# Work to be completed
Nothing outside the range is to be copied. From the entries below, reproduce exactly the lines starting at the one with "(p.s.好in網的DPI自" and ending at the one with "标签: 网龙、 教学资源、", without pictures.

(Data excerpts)
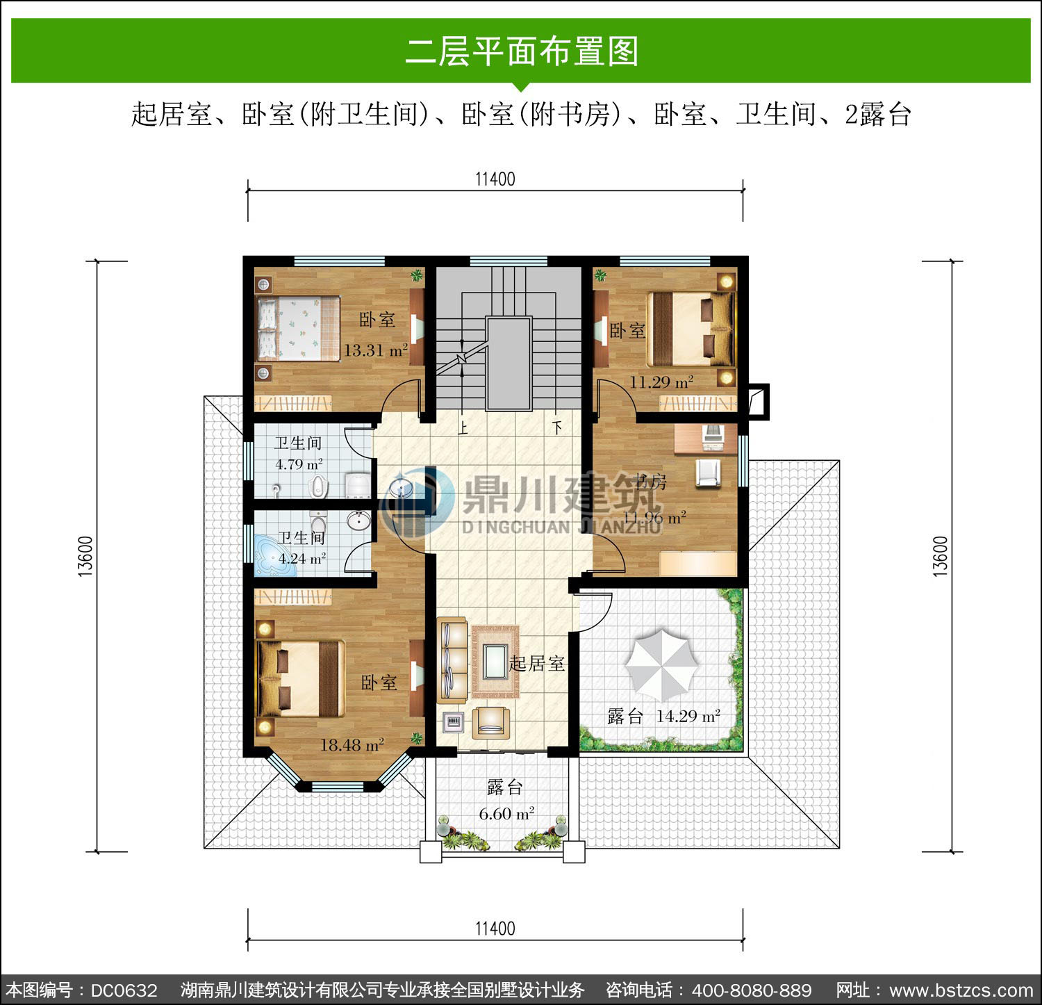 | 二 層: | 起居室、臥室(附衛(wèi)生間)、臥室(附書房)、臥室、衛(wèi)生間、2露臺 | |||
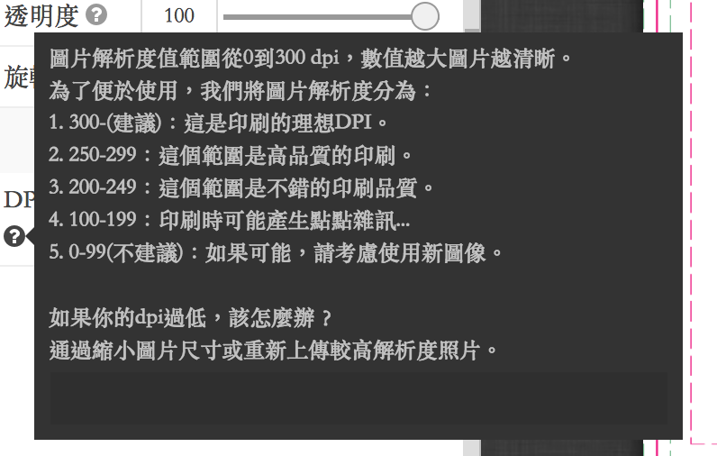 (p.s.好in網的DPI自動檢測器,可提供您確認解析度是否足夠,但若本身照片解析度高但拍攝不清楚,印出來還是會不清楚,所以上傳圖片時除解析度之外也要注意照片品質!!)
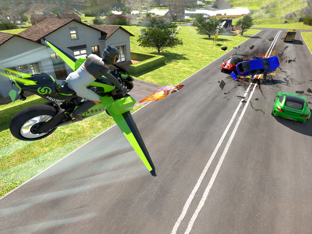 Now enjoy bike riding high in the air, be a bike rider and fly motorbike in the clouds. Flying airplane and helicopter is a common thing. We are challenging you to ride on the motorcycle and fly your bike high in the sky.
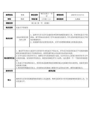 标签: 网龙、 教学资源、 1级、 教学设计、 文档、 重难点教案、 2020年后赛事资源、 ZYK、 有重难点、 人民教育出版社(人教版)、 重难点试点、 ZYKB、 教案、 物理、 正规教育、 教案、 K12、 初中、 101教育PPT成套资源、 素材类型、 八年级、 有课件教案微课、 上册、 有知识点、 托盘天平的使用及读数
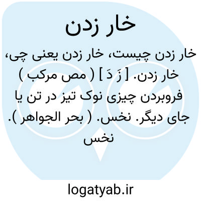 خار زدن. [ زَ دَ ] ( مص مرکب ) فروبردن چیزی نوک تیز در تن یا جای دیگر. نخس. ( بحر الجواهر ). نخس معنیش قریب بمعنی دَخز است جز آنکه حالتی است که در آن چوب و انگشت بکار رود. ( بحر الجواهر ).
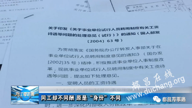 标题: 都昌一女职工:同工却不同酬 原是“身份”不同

# Final answer
 (p.s.好in網的DPI自動檢測器,可提供您確認解析度是否足夠,但若本身照片解析度高但拍攝不清楚,印出來還是會不清楚,所以上傳圖片時除解析度之外也要注意照片品質!!)
 Now enjoy bike riding high in the air, be a bike rider and fly motorbike in the clouds. Flying airplane and helicopter is a common thing. We are challenging you to ride on the motorcycle and fly your bike high in the sky.
 标签: 网龙、 教学资源、 1级、 教学设计、 文档、 重难点教案、 2020年后赛事资源、 ZYK、 有重难点、 人民教育出版社(人教版)、 重难点试点、 ZYKB、 教案、 物理、 正规教育、 教案、 K12、 初中、 101教育PPT成套资源、 素材类型、 八年级、 有课件教案微课、 上册、 有知识点、 托盘天平的使用及读数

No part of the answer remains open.